Create a delegated subnet for Azure NetApp Files

To create a delegated subnet for Azure NetApp Files, follow this series of steps:

Navigate to Virtual networks within the Azure portal. Find your newly created virtual network. It should have a prefix such as aks-vnet, as seen here. Click the name of the virtual network.
Click Subnets and select +Subnet from the top toolbar.
Provide the subnet with a name such as ANF.sn and under the Subnet Delegation heading, select Microsoft.NetApp/volumes. Do not change anything else. Click OK.

Azure NetApp Files volumes are allocated to the application cluster and are consumed as persistent volume claims (PVCs) in Kubernetes. In turn, this allocation provides us the flexibility to map volumes to different services, be it Jupyter notebooks, serverless functions, and so on

Users of services can consume storage from the platform in many ways. The main benefits of Azure NetApp Files are:

Provides users with the ability to use snapshots.
Enables users to store large quantities of data on Azure NetApp Files volumes.
Procure the performance benefits of Azure NetApp Files volumes when running their models on large sets of files.

Azure NetApp Files setup

To complete the setup of Azure NetApp Files, you must first configure it as described in Quickstart: Set up Azure NetApp Files and create an NFS volume.

However, you may omit the steps to create an NFS volume for Azure NetApp Files as you will create volumes through Trident. Before continuing, be sure that you have:

Registered for Azure NetApp Files and NetApp Resource Provider (through the Azure Cloud Shell).
Created an account in Azure NetApp Files.
Set up a capacity pool (minimum 4TiB Standard or Premium depending on your needs).

Peering of AKS virtual network and Azure NetApp Files virtual network

Next, peer the AKS virtual network (VNet) with the Azure NetApp Files VNet by following these steps:

In the search box at the top of the Azure portal, type virtual networks.
Click VNet aks- vnet-name, then enter Peerings in the search field.

Click +Add and enter the information provided in the table below:

Field

Value or description
#

Peering link name

aks-vnet-name_to_anf

SubscriptionID

Subscription of the Azure NetApp Files VNet to which you’re peering

VNet peering partner

Azure NetApp Files VNet

Leave all the nonasterisk sections on default

Click ADD or OK to add the peering to the virtual network.

For more information, visit Create, change, or delete a virtual network peering.

Trident

Trident is an open-source project that NetApp maintains for application container persistent storage. Trident has been implemented as an external provisioner controller that runs as a pod itself, monitoring volumes and completely automating the provisioning process.

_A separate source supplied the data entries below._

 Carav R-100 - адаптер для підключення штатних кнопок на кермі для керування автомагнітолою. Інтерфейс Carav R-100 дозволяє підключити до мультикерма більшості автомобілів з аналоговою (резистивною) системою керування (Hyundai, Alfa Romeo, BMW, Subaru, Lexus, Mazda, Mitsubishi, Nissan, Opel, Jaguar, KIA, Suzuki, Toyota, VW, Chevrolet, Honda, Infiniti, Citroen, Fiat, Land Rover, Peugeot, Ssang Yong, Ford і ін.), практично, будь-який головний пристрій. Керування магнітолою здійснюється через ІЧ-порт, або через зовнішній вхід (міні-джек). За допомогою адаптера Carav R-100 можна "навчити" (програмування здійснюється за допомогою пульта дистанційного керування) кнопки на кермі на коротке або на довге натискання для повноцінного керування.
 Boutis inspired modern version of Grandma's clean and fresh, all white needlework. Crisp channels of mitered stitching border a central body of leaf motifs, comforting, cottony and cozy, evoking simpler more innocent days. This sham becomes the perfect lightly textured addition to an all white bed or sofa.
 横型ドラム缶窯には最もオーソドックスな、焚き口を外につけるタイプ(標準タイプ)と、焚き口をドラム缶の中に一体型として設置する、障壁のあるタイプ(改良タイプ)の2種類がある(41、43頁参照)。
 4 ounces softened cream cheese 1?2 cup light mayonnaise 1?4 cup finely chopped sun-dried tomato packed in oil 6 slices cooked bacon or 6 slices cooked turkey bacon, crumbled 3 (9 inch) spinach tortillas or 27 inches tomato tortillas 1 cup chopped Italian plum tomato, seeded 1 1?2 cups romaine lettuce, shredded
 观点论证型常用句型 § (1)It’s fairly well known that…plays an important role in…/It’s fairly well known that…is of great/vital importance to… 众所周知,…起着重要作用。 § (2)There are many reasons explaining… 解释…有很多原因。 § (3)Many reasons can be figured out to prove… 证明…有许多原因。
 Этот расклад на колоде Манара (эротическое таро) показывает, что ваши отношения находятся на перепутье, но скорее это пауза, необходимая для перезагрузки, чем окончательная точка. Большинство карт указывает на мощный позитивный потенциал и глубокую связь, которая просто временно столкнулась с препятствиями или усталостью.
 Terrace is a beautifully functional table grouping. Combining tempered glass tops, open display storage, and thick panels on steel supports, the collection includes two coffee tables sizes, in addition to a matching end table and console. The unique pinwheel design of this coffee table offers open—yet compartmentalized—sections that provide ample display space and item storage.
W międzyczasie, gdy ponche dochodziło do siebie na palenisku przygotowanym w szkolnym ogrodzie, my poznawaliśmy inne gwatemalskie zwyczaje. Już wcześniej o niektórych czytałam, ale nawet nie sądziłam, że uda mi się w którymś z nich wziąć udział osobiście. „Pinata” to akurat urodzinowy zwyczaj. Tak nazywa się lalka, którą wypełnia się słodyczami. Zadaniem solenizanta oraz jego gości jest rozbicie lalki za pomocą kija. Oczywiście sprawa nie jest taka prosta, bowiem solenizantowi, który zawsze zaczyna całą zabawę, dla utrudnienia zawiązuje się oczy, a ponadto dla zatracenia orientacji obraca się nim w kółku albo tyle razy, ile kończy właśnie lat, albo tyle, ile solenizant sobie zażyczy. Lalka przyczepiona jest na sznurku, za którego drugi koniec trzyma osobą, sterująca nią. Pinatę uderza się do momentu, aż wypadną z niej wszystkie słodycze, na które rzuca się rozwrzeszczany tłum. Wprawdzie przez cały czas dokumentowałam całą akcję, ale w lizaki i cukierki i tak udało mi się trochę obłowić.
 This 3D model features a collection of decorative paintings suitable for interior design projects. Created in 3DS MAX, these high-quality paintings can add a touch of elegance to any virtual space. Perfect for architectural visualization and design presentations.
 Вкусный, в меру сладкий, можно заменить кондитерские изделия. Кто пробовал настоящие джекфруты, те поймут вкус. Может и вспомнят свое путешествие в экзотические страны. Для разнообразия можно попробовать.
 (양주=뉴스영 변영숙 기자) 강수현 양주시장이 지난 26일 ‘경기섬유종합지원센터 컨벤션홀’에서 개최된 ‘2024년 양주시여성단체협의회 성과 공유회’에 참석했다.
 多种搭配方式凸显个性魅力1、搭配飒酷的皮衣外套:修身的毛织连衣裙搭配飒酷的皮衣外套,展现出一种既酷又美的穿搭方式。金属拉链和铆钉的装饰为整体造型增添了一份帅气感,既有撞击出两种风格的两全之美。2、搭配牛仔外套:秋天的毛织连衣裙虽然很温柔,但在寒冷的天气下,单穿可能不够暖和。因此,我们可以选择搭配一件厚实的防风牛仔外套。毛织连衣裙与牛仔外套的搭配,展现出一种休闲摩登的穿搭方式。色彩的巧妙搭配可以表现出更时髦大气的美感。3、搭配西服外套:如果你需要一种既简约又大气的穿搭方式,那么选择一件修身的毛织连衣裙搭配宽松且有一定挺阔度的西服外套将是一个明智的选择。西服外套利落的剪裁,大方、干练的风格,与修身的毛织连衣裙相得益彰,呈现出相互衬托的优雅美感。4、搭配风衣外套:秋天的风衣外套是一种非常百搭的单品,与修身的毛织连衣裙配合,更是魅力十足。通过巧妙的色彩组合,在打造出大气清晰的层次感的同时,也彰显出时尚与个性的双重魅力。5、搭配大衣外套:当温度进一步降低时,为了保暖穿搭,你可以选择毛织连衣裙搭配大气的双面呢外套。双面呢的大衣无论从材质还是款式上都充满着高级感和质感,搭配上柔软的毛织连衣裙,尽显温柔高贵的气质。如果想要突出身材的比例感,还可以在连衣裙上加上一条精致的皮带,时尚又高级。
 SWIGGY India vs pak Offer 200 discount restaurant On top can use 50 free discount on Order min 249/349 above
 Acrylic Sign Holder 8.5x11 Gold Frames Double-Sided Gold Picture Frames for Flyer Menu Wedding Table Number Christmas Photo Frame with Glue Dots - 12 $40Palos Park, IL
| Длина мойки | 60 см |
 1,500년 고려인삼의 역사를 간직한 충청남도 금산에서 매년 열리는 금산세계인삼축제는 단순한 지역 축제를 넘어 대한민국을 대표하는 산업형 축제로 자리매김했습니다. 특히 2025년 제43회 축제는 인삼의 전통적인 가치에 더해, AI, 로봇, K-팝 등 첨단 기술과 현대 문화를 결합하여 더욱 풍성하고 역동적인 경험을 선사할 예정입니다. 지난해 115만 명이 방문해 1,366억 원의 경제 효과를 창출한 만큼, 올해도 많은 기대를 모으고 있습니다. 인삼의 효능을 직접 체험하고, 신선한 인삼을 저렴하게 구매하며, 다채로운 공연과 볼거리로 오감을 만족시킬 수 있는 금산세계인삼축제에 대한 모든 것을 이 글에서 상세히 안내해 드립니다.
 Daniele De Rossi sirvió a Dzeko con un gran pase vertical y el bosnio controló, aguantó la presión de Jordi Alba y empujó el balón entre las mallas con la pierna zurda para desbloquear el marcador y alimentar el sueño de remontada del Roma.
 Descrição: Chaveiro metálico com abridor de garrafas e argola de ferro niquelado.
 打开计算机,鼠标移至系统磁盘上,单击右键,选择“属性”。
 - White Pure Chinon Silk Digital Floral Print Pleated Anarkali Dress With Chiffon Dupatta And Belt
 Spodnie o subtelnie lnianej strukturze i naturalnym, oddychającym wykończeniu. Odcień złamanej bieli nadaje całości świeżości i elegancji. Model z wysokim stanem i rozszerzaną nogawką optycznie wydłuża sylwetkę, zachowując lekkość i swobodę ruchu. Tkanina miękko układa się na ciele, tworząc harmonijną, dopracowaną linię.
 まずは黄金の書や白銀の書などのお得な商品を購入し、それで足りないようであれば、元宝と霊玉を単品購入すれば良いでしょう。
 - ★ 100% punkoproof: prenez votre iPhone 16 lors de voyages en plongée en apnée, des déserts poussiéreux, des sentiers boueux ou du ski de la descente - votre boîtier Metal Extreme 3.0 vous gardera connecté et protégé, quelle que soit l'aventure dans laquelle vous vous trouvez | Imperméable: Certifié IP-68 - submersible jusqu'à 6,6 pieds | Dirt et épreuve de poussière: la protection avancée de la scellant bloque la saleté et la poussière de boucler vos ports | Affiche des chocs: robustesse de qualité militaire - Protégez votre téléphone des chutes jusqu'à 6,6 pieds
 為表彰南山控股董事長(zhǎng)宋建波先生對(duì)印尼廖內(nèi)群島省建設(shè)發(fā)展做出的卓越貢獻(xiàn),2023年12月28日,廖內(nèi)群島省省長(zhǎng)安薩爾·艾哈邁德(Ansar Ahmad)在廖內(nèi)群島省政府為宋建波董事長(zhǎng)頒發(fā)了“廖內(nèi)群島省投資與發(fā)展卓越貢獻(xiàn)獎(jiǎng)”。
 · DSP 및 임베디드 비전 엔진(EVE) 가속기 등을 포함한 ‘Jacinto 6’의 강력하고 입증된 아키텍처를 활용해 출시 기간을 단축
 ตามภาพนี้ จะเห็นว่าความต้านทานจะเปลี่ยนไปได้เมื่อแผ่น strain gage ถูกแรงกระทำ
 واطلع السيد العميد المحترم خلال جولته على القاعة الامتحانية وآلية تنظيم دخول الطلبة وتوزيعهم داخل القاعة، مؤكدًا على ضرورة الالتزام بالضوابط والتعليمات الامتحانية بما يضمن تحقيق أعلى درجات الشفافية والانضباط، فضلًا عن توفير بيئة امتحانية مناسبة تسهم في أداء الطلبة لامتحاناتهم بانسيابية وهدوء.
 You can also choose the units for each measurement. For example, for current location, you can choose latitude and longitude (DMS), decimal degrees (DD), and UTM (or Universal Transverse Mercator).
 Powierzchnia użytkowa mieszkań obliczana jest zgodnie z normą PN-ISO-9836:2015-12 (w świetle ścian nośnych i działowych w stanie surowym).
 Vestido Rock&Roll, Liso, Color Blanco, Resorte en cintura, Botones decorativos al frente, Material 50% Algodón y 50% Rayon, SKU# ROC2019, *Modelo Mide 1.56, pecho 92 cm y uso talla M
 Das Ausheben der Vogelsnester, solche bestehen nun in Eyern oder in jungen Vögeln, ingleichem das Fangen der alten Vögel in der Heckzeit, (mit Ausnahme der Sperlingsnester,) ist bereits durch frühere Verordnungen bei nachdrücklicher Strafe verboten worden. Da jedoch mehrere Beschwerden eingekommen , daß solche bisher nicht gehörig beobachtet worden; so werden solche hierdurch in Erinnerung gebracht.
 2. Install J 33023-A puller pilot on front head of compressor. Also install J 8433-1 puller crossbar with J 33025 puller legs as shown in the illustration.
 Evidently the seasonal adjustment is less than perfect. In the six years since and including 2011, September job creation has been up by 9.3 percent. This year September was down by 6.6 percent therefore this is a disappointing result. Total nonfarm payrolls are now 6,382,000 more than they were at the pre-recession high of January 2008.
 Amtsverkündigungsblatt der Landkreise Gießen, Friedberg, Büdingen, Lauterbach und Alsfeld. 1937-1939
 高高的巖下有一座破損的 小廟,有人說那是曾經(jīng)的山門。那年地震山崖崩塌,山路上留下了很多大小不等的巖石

NetApp Trident enables smooth integration with K8s by creating and attaching persistent volumes for storing training datasets and trained models. This capability makes it easier for data scientists and data engineers to use K8s without the hassle of manually storing and managing datasets. Trident also eliminates the need for data scientists to learn managing new data platforms as it integrates the data management-related tasks through the logical API integration.

Install Trident

To install Trident software, complete the following steps:

First install helm.

Download and extract the Trident 21.01.1 installer.

wget https://github.com/NetApp/trident/releases/download/v21.01.1/trident-installer-21.01.1.tar.gz
tar -xf trident-installer-21.01.1.tar.gz

Change the directory to trident-installer.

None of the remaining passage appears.